Most military officials seem to doubt whether the Afghan army is capable of maintaining and protecting the security of people within the country or even containing an anticipated resurgence of the Taliban once the withdrawal begins. There is still the problem of its neighbour, Pakistan, which has provided safe havens to Afghan insurgents and has been accused of "passive acceptance" in the conflict.
Canada's contribution of $110 million a year to support the military and police appears generous, but one wonders how much it will assist in this protection of the vulnerable or go to line the coffers of state officials.
It's a risky strategy to aggressively retreat because it sends the wrong messages. When the Soviets withdrew from Afghanistan, leaving a weak government, the country disintegrated into civil war with thousands dead and led to the Taliban assuming control. The strategy by NATO aims to avoid that scenario by fostering reconciliation between enemies and arming and training proper security forces to take over. If this happens and it avoids chaos, it would be some sort of victory.
However, the signals are mixed and complicated. It didn't help that a deranged American army sergeant killed 16 civilians (nine of them children), then was shipped out to face justice in the U.S. Burning the Qur'an in public has not helped the case either. Waves of violent protest followed; Afghan soldiers attacked NATO troops. Levels of distrust are at an alltime high.
The traditional conservative structure will take years to erode in Afghanistan and while the NATO mission may have eroded some aspects, it will take much longer to dismantle many of the attitudes which are ingrained in the local population. On May 22, 125 girls and three teachers were admitted to hospital because of a suspected poison attack by conservative radicals on a school in the Takhar province.
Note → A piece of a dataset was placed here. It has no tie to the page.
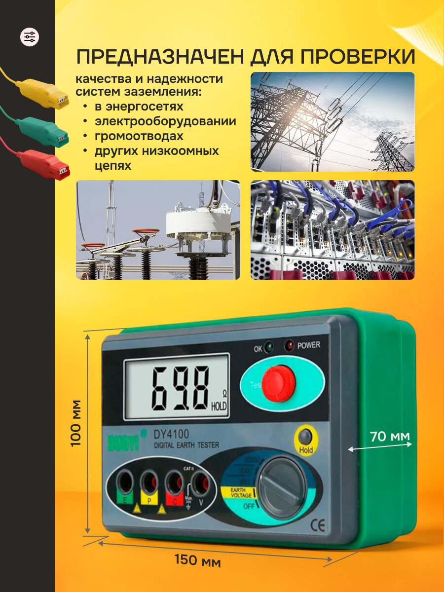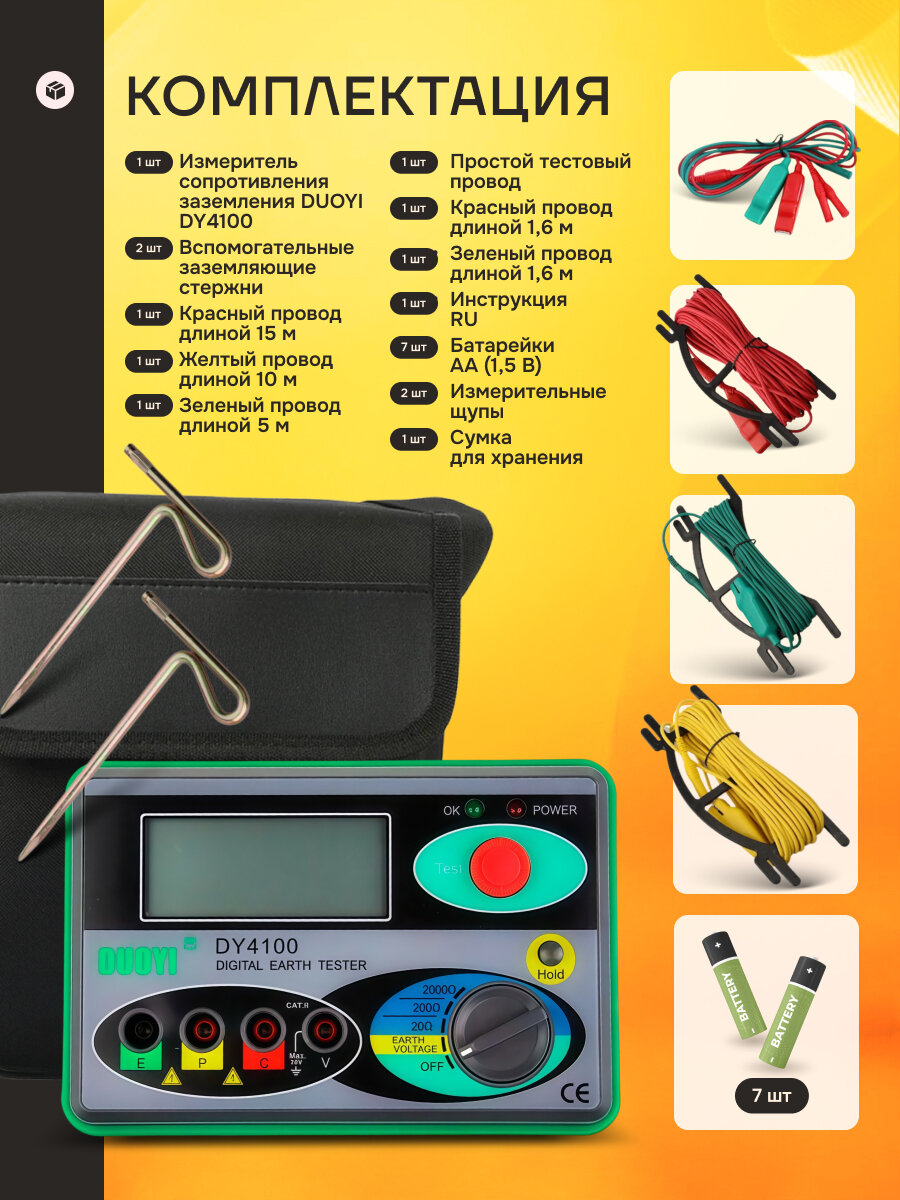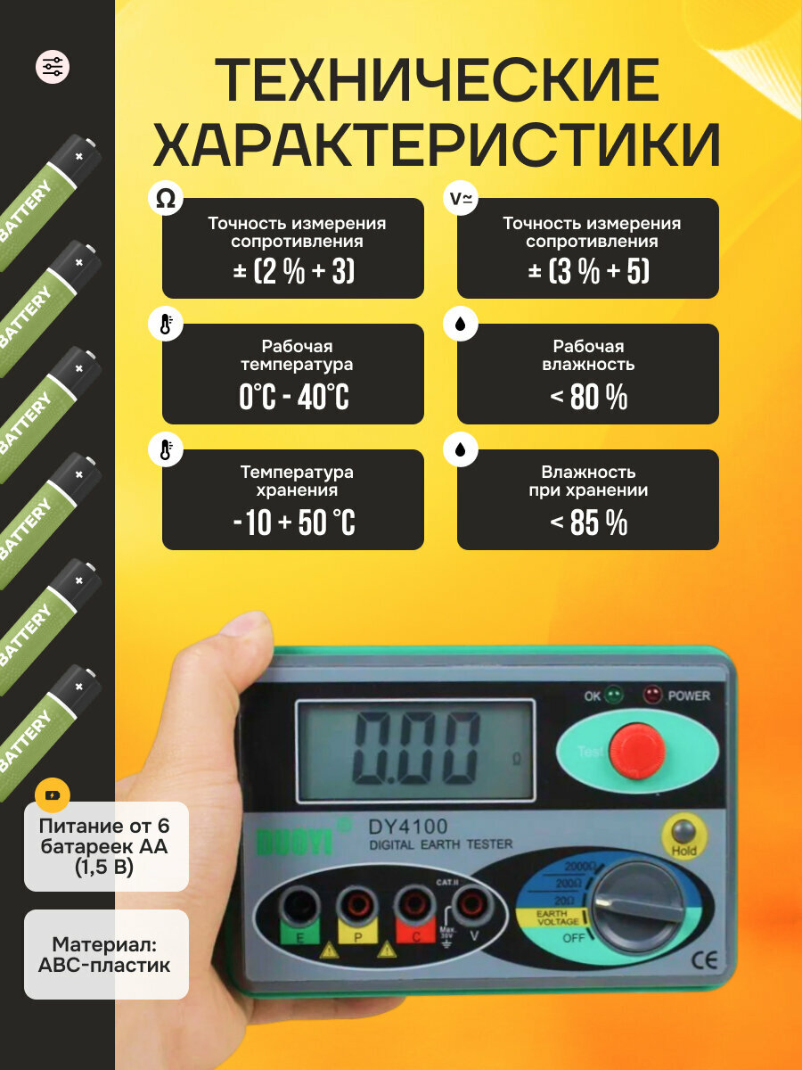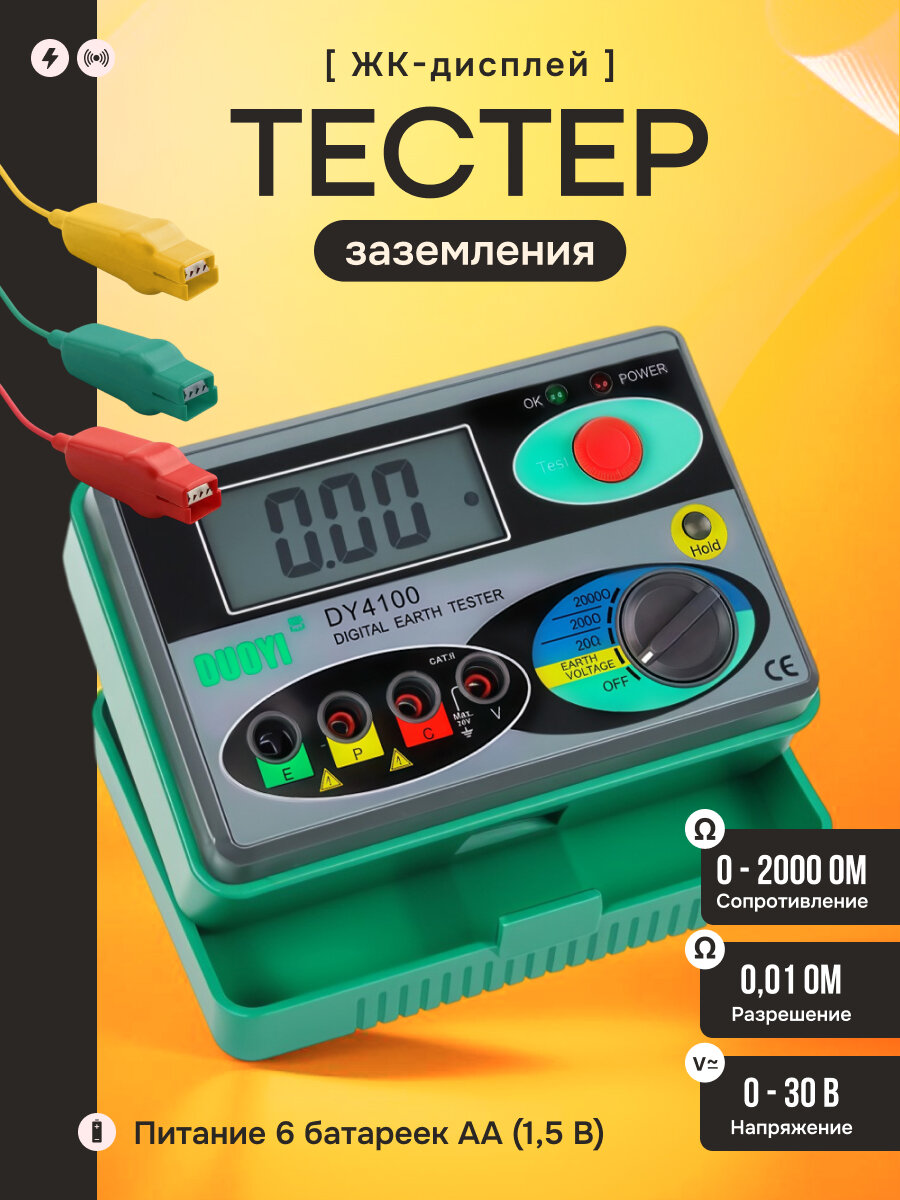 Тестер заземления DUOYI DY4100, цифровой, подсветка дисплея, питание от АА, набор, 1 шт: сравнение цен, характеристики, фото, актуальное наличие и цены.

This was the second attack of this kind in two months and does little to instil faith in the governance or security structures.
Unless Canada and its allies in NATO find increasingly innovative ways to protect such vulnerable individuals from fear and want, it appears likely that Afghanistan will self-destruct once more and the implications of this will simply be more conflict, more death and the absence of genuine human security.
Kenneth Christie is a professor and head of the Human Security and Peacebuilding program at Royal Roads University.